DATA Block Start

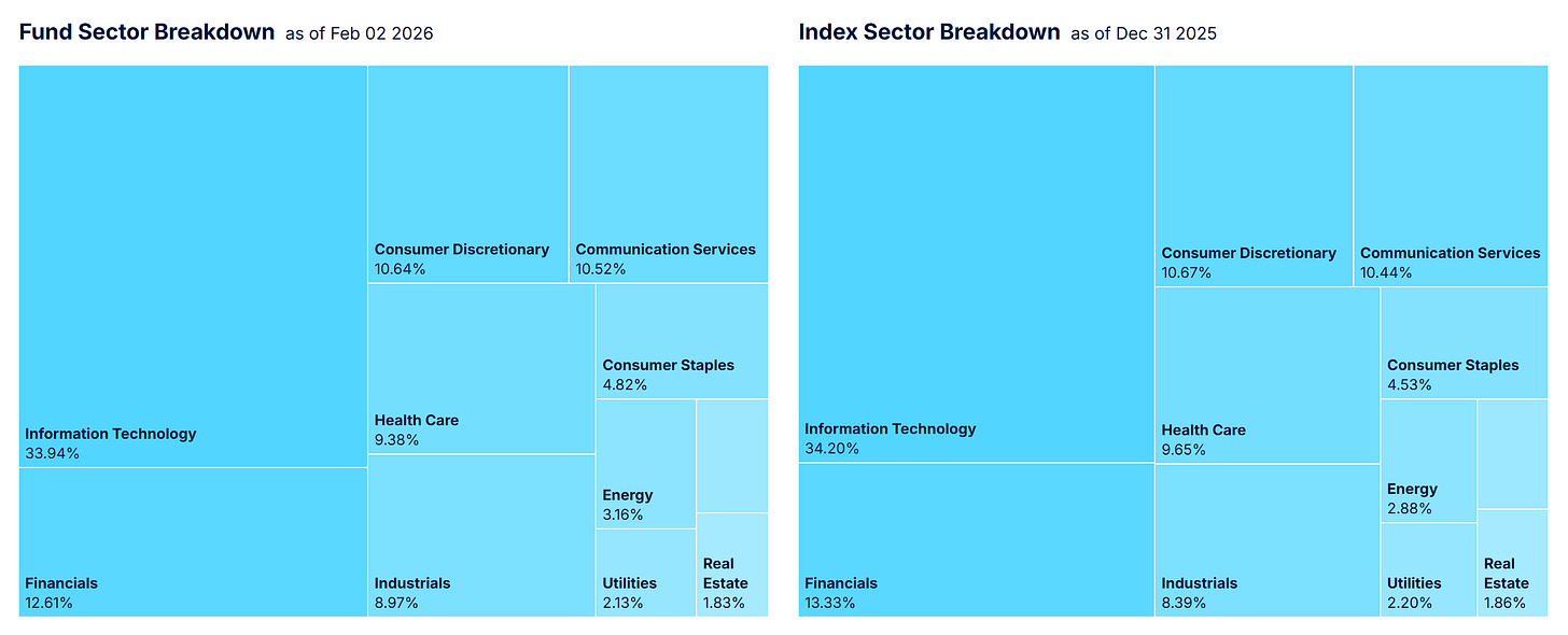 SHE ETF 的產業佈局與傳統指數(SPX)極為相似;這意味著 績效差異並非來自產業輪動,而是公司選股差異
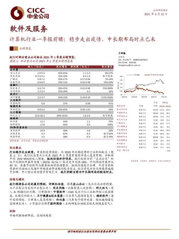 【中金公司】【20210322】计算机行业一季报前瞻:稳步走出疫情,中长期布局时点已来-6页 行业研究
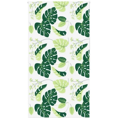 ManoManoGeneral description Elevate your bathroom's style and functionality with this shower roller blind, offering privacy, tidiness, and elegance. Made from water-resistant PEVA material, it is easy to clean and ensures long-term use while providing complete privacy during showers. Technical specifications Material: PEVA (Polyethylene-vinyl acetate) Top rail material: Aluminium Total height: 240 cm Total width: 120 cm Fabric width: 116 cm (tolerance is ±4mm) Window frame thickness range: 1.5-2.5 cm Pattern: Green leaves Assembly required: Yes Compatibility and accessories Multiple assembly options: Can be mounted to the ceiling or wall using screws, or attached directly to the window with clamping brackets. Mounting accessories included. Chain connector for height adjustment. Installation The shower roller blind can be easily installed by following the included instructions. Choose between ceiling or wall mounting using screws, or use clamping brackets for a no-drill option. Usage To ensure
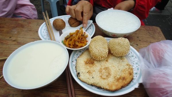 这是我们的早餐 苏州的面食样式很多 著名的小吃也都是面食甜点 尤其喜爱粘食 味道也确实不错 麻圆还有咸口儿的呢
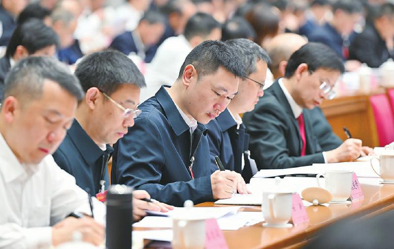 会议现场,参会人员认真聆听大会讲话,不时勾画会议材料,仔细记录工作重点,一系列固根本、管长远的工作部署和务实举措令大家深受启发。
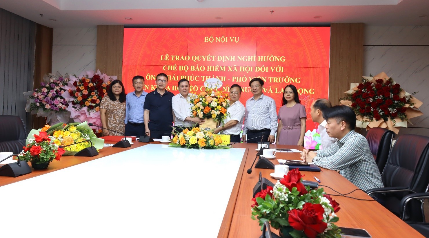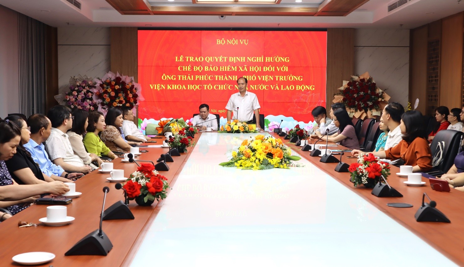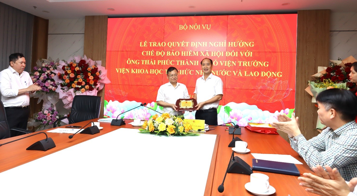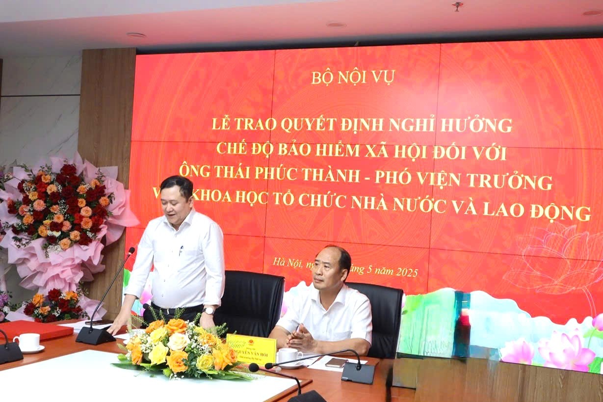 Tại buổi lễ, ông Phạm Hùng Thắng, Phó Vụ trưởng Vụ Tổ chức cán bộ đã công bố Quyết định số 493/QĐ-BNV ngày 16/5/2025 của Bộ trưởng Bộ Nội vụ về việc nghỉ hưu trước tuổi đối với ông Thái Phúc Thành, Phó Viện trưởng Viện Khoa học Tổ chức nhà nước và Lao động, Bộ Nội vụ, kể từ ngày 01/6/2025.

DATA Block End

- [TASK GOAL] Give the lines again word for word, from the start of the records to the line holding "会议现场,参会人员认真聆听大", both included, and leave out any picture.

- [WRITTEN RESPONSE]
 SHE ETF 的產業佈局與傳統指數(SPX)極為相似;這意味著 績效差異並非來自產業輪動,而是公司選股差異
 【中金公司】【20210322】计算机行业一季报前瞻:稳步走出疫情,中长期布局时点已来-6页 行业研究
 ManoManoGeneral description Elevate your bathroom's style and functionality with this shower roller blind, offering privacy, tidiness, and elegance. Made from water-resistant PEVA material, it is easy to clean and ensures long-term use while providing complete privacy during showers. Technical specifications Material: PEVA (Polyethylene-vinyl acetate) Top rail material: Aluminium Total height: 240 cm Total width: 120 cm Fabric width: 116 cm (tolerance is ±4mm) Window frame thickness range: 1.5-2.5 cm Pattern: Green leaves Assembly required: Yes Compatibility and accessories Multiple assembly options: Can be mounted to the ceiling or wall using screws, or attached directly to the window with clamping brackets. Mounting accessories included. Chain connector for height adjustment. Installation The shower roller blind can be easily installed by following the included instructions. Choose between ceiling or wall mounting using screws, or use clamping brackets for a no-drill option. Usage To ensure
 这是我们的早餐 苏州的面食样式很多 著名的小吃也都是面食甜点 尤其喜爱粘食 味道也确实不错 麻圆还有咸口儿的呢
 会议现场,参会人员认真聆听大会讲话,不时勾画会议材料,仔细记录工作重点,一系列固根本、管长远的工作部署和务实举措令大家深受启发。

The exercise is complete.